Training stability was improved using a cosine annealing learning-rate schedule, which facilitates smoother optimization of the multi-task loss function. The framework was trained and evaluated on the Apollo-Sim3D dataset, which contains diverse simulated driving scenes with accurate three-dimensional lane annotations. During inference, the network directly predicts spatial coordinates and shapes of lane markings from monocular images, enabling reconstruction of lane geometry in three-dimensional space without relying on additional sensors.
Results and Discussions Experiments on the Apollo-Sim3D dataset show that HA-Lane Net improves three-dimensional lane detection performance compared with representative monocular approaches such as 3DLaneNet and Gen-Lane-Net. The hybrid encoder effectively integrates geometric detail with semantic context, enabling more accurate estimation of lane geometry.
The pre-projection attention mechanism further improves robustness by highlighting lane-related feature responses and suppressing irrelevant background information. This targeted refinement enhances feature consistency during the transformation from front-view images to bird's-eye-view representations and reduces localization errors caused by occlusion, illumination variation, or scene complexity. Consequently, the network produces more stable detection results across different driving scenarios.

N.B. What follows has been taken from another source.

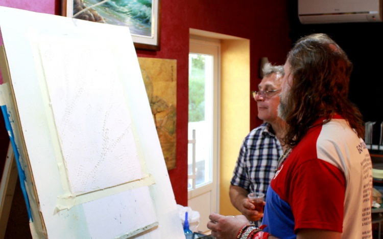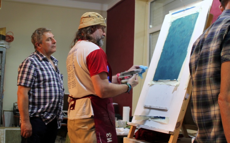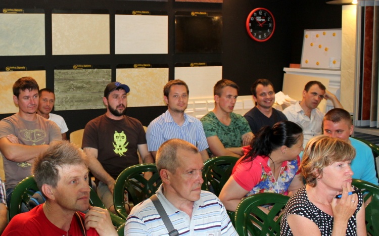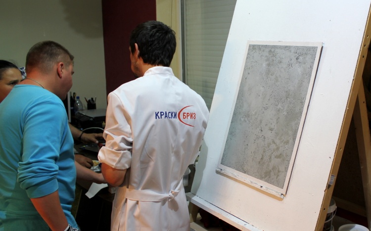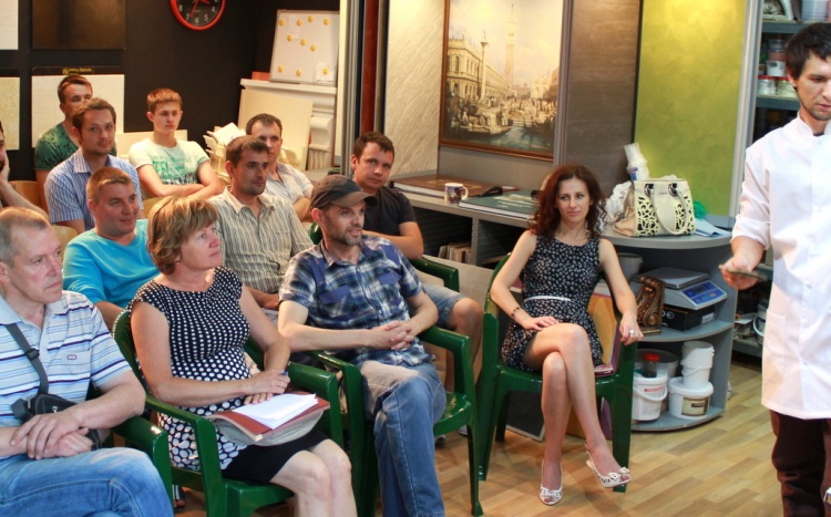Затем выступил Александр Безух, технолог-декоратор, и рассказал о новинке и хите – краске «Винтажной», сделав пробный образец для публики, подробно рассказал о работе с ней; поработал с «Травертином», имитируя бетон, а также все участники смогли увидеть и другие работы наших мастеров, запланированных в программе: декоративной краской «Жевуаль», «Органза», «Замша», декоративными штукатурками «Мелкий камень» и «Венецианка».

Quantitative comparisons indicate improved accuracy in three-dimensional lane coordinate estimation relative to the reference methods used for comparison. Detection results also show increased stability across diverse road environments. These improvements arise from the combined effect of hybrid feature encoding and attention-based feature refinement, which strengthen lane structure representation while mitigating background noise. In addition, the proposed framework maintains a relatively efficient architecture. Performance improvements are achieved without introducing Transformer-based components or other computationally intensive modules, allowing the network to retain manageable complexity for real-time perception tasks.
Conclusions A monocular three-dimensional lane detection framework named HA-Lane Net has been presented for improved lane perception in autonomous driving environments. The proposed approach integrates a hybrid encoder that combines shallow VGG layers with deep ResNet layers, enabling balanced extraction of geometric detail and semantic representation. A pre-projection channel attention mechanism further refines lane-related features before spatial transformation, improving robustness against environmental interference.
Experimental evaluation on the Apollo-Sim3D dataset shows that the proposed framework improves three-dimensional lane detection performance compared with representative monocular approaches such as 3DLaneNet and Gen-Lane-Net. The hybrid encoding strategy together with attention-based refinement enables more reliable estimation of lane geometry while maintaining a relatively efficient network structure. These results suggest that the proposed framework provides a practical solution for monocular three-dimensional lane perception and offers useful insights for future research on autonomous driving scene understanding.